### Dataset records ###

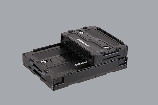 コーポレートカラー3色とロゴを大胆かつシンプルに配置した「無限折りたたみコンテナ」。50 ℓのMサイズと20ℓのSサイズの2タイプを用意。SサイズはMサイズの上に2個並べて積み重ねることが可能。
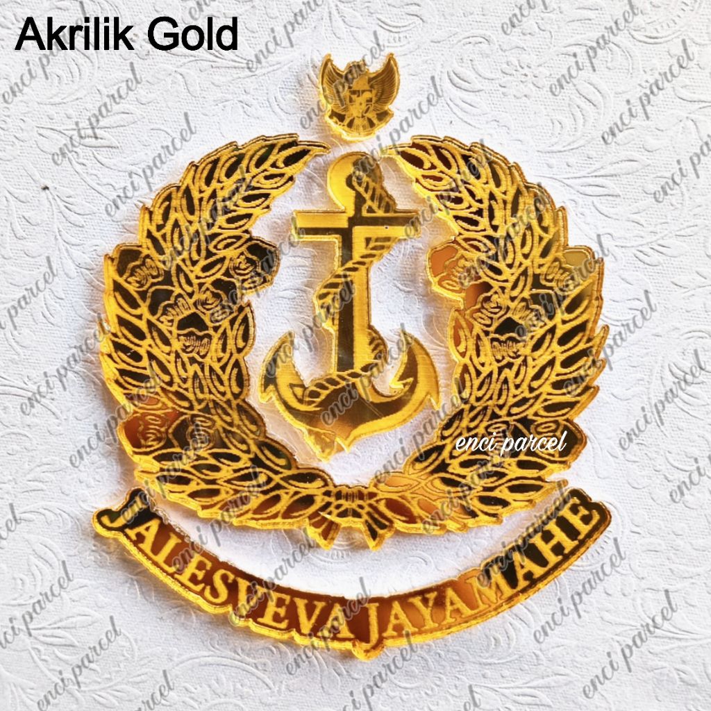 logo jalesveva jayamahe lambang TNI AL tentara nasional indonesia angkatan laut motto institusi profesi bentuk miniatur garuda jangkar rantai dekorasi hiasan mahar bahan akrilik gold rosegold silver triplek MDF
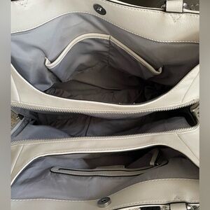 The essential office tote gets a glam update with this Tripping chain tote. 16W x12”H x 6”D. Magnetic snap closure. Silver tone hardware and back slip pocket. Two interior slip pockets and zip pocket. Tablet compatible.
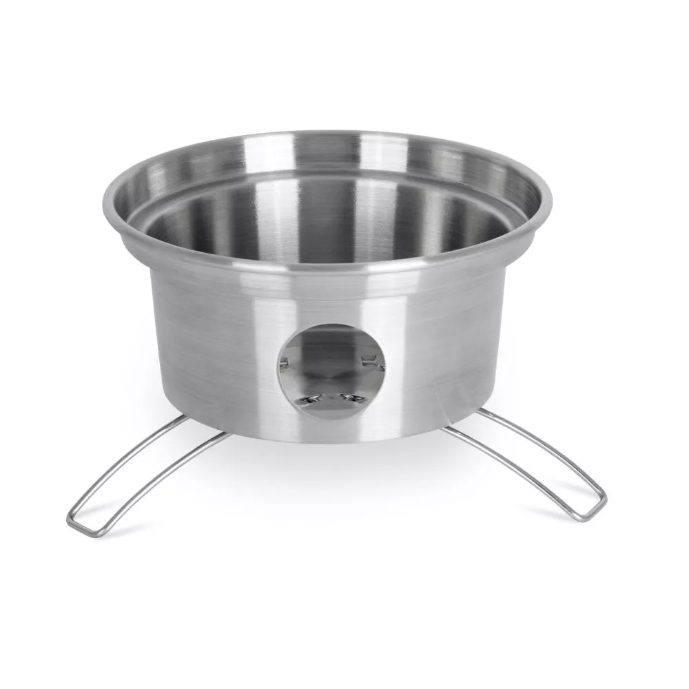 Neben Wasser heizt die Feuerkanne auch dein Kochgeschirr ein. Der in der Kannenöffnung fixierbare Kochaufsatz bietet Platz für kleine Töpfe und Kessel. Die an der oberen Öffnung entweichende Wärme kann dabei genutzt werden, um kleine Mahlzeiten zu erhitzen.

###
### Dataset records ###

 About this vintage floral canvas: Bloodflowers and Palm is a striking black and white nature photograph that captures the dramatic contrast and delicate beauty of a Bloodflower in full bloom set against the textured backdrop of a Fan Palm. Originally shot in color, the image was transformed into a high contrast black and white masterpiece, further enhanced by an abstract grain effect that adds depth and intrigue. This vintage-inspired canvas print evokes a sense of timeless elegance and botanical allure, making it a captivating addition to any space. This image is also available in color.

###

= Instructions to follow =
In the records above, find the line with "The essential office" and the line with "Neben Wasser heizt"; please transcribe exactly those two lines and all lines between them, omitting any picture.

= Task solution =
 The essential office tote gets a glam update with this Tripping chain tote. 16W x12”H x 6”D. Magnetic snap closure. Silver tone hardware and back slip pocket. Two interior slip pockets and zip pocket. Tablet compatible.
 Neben Wasser heizt die Feuerkanne auch dein Kochgeschirr ein. Der in der Kannenöffnung fixierbare Kochaufsatz bietet Platz für kleine Töpfe und Kessel. Die an der oberen Öffnung entweichende Wärme kann dabei genutzt werden, um kleine Mahlzeiten zu erhitzen.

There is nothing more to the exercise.